An Unexpected Link to Memory Performance
The most surprising part of the research was how this brain activity related to memory. The study found that grid-like signals were present specifically for images that participants later remembered successfully. This suggests these codes are directly involved in the process of encoding memories.
However, the relationship was not what one might expect. Individuals who showed lower intensity grid-like codes actually had better recognition memory. In the Donders study dataset, there was a significant negative correlation: the weaker the grid signal, the better the participant's performance on the memory test.
Memory and Saccades
The study confirmed previous findings that more eye movements are linked to better memory. In one dataset, participants made an average of 7.95 saccades for scenes they later remembered, compared to only 6.64 for scenes they forgot. This highlights the importance of active visual exploration in forming strong memories.
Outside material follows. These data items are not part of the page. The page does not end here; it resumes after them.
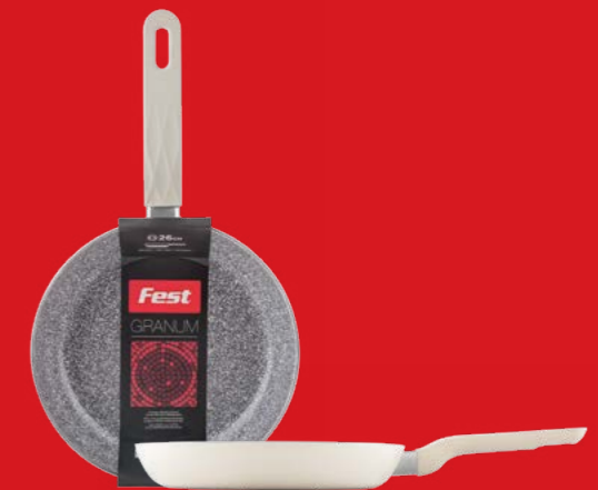
Frypan deep electrical with ceramic coating Τηγάνι βαθύ ηλεκτρικό με κεραμική επίστρωση 3221026 N26
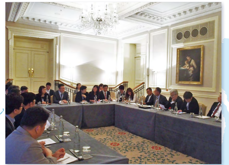
アジア・パシフィック医薬品流通フォーラム代表者会議
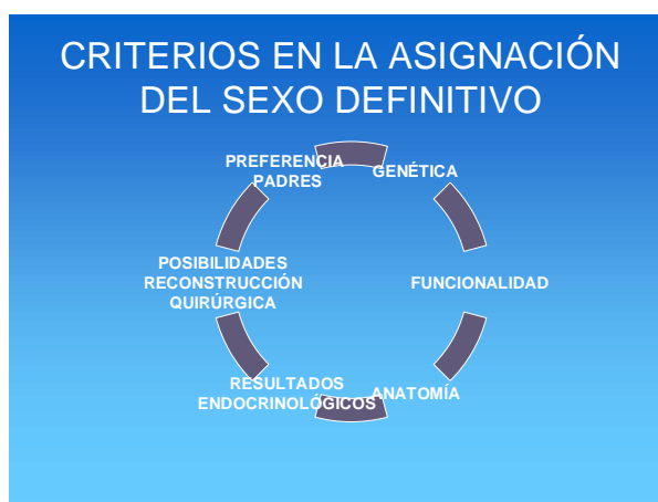
IMAGEN 1. Esquema con los criterios en la asignación de sexo definitivo en bebés intersexo (Elaboración propia).

A pesar de que en la actualidad los protocolos que John Money desarrolló son duramente criticados por el estamento médico, comprobaremos que paradójicamente, los discursos y protocolos actuales en España para situaciones intersexuales no se alejan tanto de sus orígenes. A día de hoy, los protocolos que se siguen en España para decidir el sexo definitivo que se asignará a un recién nacido intersexual responden, en mayor o menor grado 4 , a diferentes criterios: se considera la anatomía de los genitales externos, el cariotipo, el tipo de gónadas que presente –esto marcaría la capacidad reproductora futura-, los resultados endocrinológicos o respuesta hormonal, la capacidad funcional, las posibilidades de reconstrucción quirúrgica y la decisión o expectativas de los padres; aunque en última instancia, el propio criterio del profesional médico que está a cargo de esa persona, y dependiendo de la experiencia que tenga en situaciones similares, inclinará la balanza hacia lo "femenino" o hacia lo "masculino".
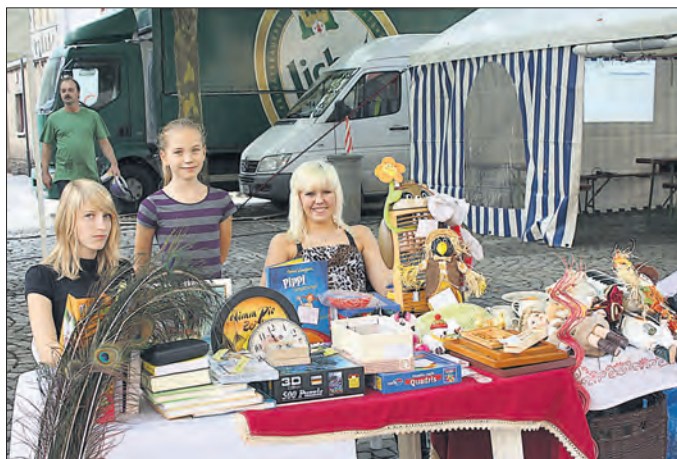
Wer nicht lächeln kann, sollte keinen Laden aufmachen. (Aus China)
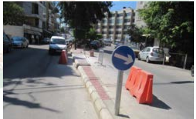
انشاء قاطع وسطي طول ٣٥ متر وعرض وسطي ١.٢٥ م في ساحة الشهداء - الحازمية
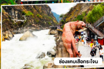
ช่องแคบเสื่อกระโจน
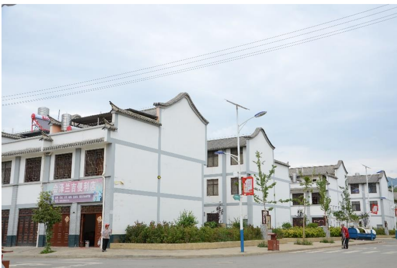
图为以礼社区安置点新居

何兴华书记介绍说，以礼社区志愿者救援队35个人，很大部分是由当地村干部组成，平时不会出外打工，随时可以行动。以礼社区临近以礼河，每年防灾重点是冬春火灾、夏季水灾。今年春节时就发生了一起火灾，一个患有精神疾病的村民用草引火点烟，导致火灾。巡山的护林员发现后，立即发出消息，队员紧急集合，抵达火灾发生地，分组分片灭火。费了一天一夜终于把火彻底熄灭。

Why Less Signal Might Mean Better Memory
The researchers propose a few possible explanations for this counterintuitive finding. One theory is related to cognitive efficiency. Individuals with better memory might process visual information more efficiently, requiring less neural activity in the entorhinal cortex.
"Individuals with good recognition memory might display less neural activation during memory formation, thus, encoding 'more efficiently'," the study suggests.
Another possibility is that high-performing individuals may rely more on prior knowledge or schemas to understand a scene. For example, when viewing a beach, they might activate a mental 'beach schema' which guides their eye movements more effectively, reducing the need for the brain's grid system to build a visual map from scratch.
This suggests that relying purely on the raw spatial layout of a scene (which is what grid cells map) might be a less effective strategy than integrating new information with existing knowledge.
Coordinating Brain Networks for Vision and Memory
The study also shed light on how different brain regions work together. The researchers investigated which other brain areas were active in sync with the entorhinal grid-like signals. They found a strong connection to the frontal eye fields (FEF), a region known to be critical for planning and executing eye movements.
When the grid-like signals in the entorhinal cortex were strong, activity in the left FEF was also high. This indicates a direct link between the brain's spatial map and the machinery that controls where the eyes look next.
This finding supports a model where the entorhinal cortex provides a spatial framework, which in turn informs the FEF on how to guide saccades to explore a scene. This coordinated activity helps build a coherent visual representation that can be stored as a memory.
Implications for Understanding Memory and Brain Function
This research adds to a growing body of evidence that the brain's navigation system has been adapted for functions beyond physical movement. It appears to provide a universal 'cognitive map' for organizing different types of information, including the contents of a visual scene.
The findings have several important implications:
- Understanding Memory Encoding: The study provides a neural mechanism for how visual exploration directly contributes to memory formation.
- Brain Network Dynamics: It highlights the interplay between memory regions (entorhinal cortex) and motor control regions (frontal eye fields).
- Future Research: The unexpected negative relationship between grid signal strength and memory performance opens up new questions about what constitutes 'efficient' brain processing during learning.
While direct evidence connecting single grid cell recordings to saccades in humans is still needed, this fMRI study provides a powerful, non-invasive look into this fundamental process. It reveals that every time our eyes dart across a scene, a complex coordination between our internal GPS and motor systems is at work, shaping what we see, and what we will remember.